The entries below hold a line with "Особенности первичной хирургическойобработки" and a line with "One electronically tested". Return those lines and all that lie between them, exactly and only.

Information given –
+++++

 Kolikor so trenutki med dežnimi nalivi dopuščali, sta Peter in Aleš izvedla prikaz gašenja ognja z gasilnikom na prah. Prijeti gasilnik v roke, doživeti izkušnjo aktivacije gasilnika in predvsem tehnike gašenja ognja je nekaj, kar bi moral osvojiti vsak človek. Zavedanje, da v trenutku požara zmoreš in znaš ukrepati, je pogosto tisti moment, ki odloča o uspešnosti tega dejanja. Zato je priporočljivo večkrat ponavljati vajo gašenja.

+++++

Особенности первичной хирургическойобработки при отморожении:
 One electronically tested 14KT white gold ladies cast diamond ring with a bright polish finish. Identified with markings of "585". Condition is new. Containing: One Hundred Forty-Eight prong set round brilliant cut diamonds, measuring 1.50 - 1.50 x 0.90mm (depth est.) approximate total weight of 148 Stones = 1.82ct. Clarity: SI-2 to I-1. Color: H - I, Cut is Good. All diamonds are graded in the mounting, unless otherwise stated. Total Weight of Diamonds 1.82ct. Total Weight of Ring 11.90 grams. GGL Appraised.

+++++

Result of the task –
Особенности первичной хирургическойобработки при отморожении:
 One electronically tested 14KT white gold ladies cast diamond ring with a bright polish finish. Identified with markings of "585". Condition is new. Containing: One Hundred Forty-Eight prong set round brilliant cut diamonds, measuring 1.50 - 1.50 x 0.90mm (depth est.) approximate total weight of 148 Stones = 1.82ct. Clarity: SI-2 to I-1. Color: H - I, Cut is Good. All diamonds are graded in the mounting, unless otherwise stated. Total Weight of Diamonds 1.82ct. Total Weight of Ring 11.90 grams. GGL Appraised.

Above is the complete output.